For scale, you need consumers. At present, sustainable living appeals to a handful of eco-types but precious few others. Despite the survey's upbeat assessment of future consumer trends, it's forced to concede that only 2% of the public are currently "very interested" in the topic. That's hardly surprising, said Pat Dade, owner of polling firm Cultural Dynamics and an expert in consumerbehaviour . The very term 'sustainable' is arguably the "most unsexy word you can think of", he noted. Affordable, convenient, easy, fun, cool: these are the credentials on which to market sustainable lifestyles.
Essentially, companies have to go beyond the eco and ethical arguments that won over the early adopters, and instead discover the themes that chime with the masses. That requires listening to consumers, something Dade said most brands are "rubbish at". Not that listening is easy.
"People don't actually say, 'I need shoes'", he said, by way of example. "They say, 'I need something that will cover my feet or will make me look cool.'" Likewise, most consumers won't explicitly ask for a 'sustainable' product or service. The trick is realising what they are in fact asking for, and answering that demand in a sustainable form.

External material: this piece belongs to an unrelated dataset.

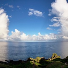 カルスト地帯(石灰岩の台地)と高麗芝の美しく調和した島の西南端に突き出た岬で、鋭く切り立った断崖と打ちつける怒涛の光景は圧巻である。

There's a final irony in this whole debate. On the one hand, the majority of consumers have made plain their disinterest in sustainability as a branding exercise. On the other, they expect big business to act. "Context and motivations differ by country (but) consumers will forever expect companies to take the lead in reducing humankind's collective impact on the natural environment", said Pippa Goodman, commercial director at the Future Foundation . It's an oddity, for sure, yet one that business leaders will hopefully persist in resolving.